_What to work on:_ With the pictures left out, please write out exactly each line from the one containing "Sessiz Tıklama Çift" through the end of the material.

_Data below:_
___

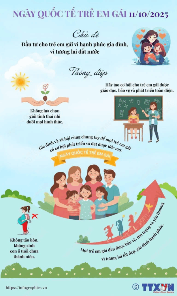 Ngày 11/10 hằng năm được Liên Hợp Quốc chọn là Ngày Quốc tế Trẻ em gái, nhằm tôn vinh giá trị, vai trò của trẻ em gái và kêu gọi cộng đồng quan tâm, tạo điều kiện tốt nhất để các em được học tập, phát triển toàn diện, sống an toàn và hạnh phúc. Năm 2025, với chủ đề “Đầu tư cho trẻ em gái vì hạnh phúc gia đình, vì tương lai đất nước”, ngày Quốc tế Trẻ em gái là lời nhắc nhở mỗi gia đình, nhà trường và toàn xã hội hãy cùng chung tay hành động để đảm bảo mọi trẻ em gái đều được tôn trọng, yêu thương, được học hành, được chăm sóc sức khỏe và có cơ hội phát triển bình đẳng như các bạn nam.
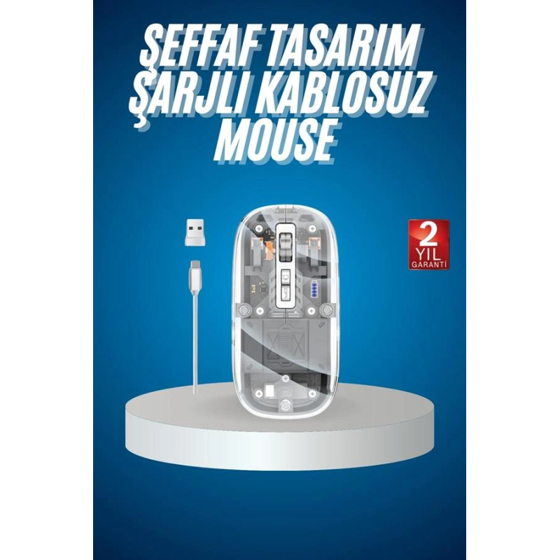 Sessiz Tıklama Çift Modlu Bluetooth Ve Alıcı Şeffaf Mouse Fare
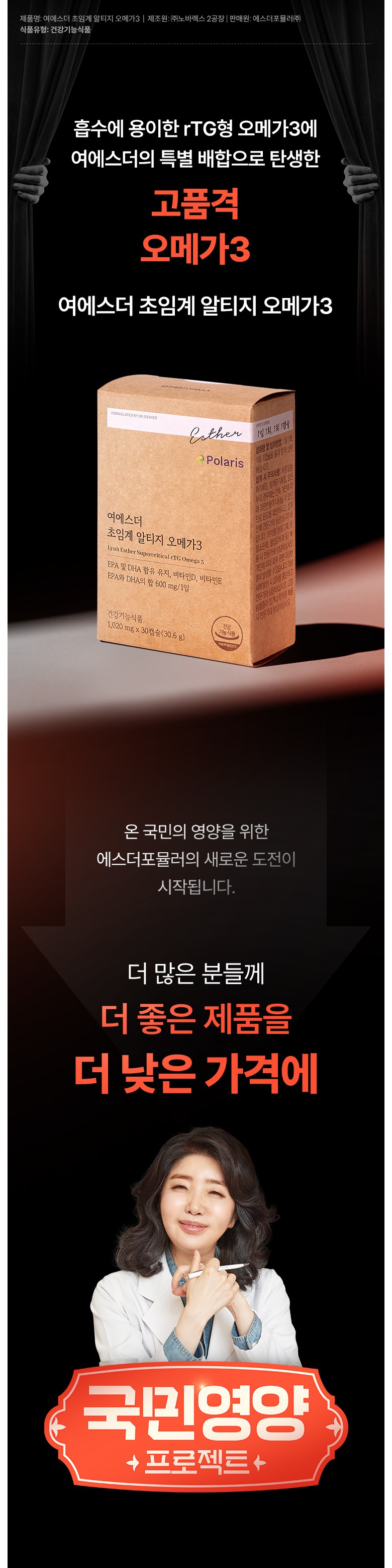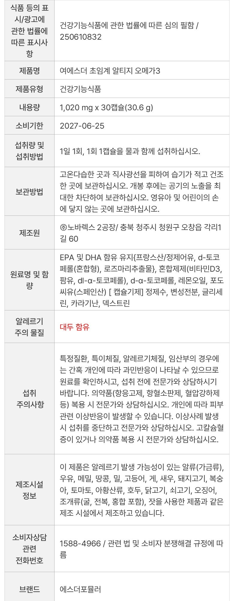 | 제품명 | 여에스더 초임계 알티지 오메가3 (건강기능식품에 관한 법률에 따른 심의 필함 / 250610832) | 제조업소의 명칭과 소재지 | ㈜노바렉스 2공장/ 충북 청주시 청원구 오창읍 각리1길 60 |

___

_Answer box:_
 Sessiz Tıklama Çift Modlu Bluetooth Ve Alıcı Şeffaf Mouse Fare
 | 제품명 | 여에스더 초임계 알티지 오메가3 (건강기능식품에 관한 법률에 따른 심의 필함 / 250610832) | 제조업소의 명칭과 소재지 | ㈜노바렉스 2공장/ 충북 청주시 청원구 오창읍 각리1길 60 |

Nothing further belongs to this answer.